80. A method of identifying a substrate as a potential drug target, the method comprising: (a) providing a cell, tissue or organ comprising the substrate (b) contacting the cell, tissue or organ with the molecule according to any one of Claims 1-44, the compound of any one of Claims 45-47, the polynucleotide of Claim 48, or the vector of Claim 49; and (c) assessing the effect of the molecule, compound, polynucleotide or vector on one or more properties of the cell, tissue or organ, wherein identification of an effect that is correlated with a particular disease status is indicative that the substrate is a potential drug target for the particular disease.

81. A method of assessing the function of a substrate, the method comprising: (a) providing a cell, tissue or organ comprising the substrate (b) contacting the cell, tissue or organ with the molecule according to any one of Claims 1-44, the compound of any one of Claims 45-47, the polynucleotide of Claim 48, or the vector of Claim 49; and (c) assessing the effect of the molecule, compound, polynucleotide or vector on one or more properties of the cell, tissue or organ.

82. A method of identifying a test agent that may be useful in preventing or treating a disease or condition mediated by an aberrant level of a substrate or form thereof, the method comprising: providing the substrate; providing a test agent comprising (a) a regulation domain comprising an E2 ubiquitin or ubiquitin-like conjugating domain which has an amino acid sequence having at least 80% sequence identity to a human E2 ubiquitin or ubiquitin-like domain, and (b) a targeting domain capable of targeting the regulation domain to a substrate, optionally wherein the test agent does not comprise an E3 ubiquitin or ubiquitin-like ligase or part thereof; contacting the substrate and test agent under conditions effective for the test agent to facilitate regulation of the substrate; and determining whether the test agent regulates the substrate.

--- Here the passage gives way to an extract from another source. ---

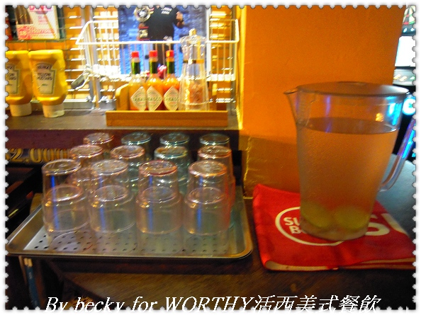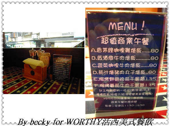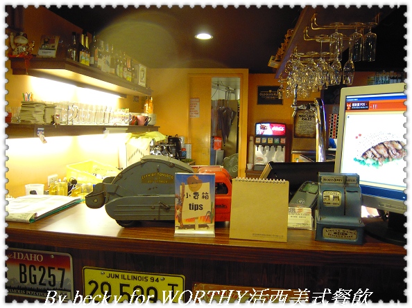 店裡空間位子還算大,牆壁上裝飾著美國的車牌,燈光是以略柔和的昏暗,還有二台液晶電視,播放著影集,連洗手間也很美侖美煥的。

83. A method according to Claim 82, further comprising the step of testing the test agent in an assay of the disease or condition.

84. A method according to Claim 81 or 82, further comprising the step of synthesising, purifying and/or formulating the test agent.

85. Use of a molecule according to any one of Claims 1-44 or the compound of any one of Claims 45-47 in drug target validation or in drug discovery.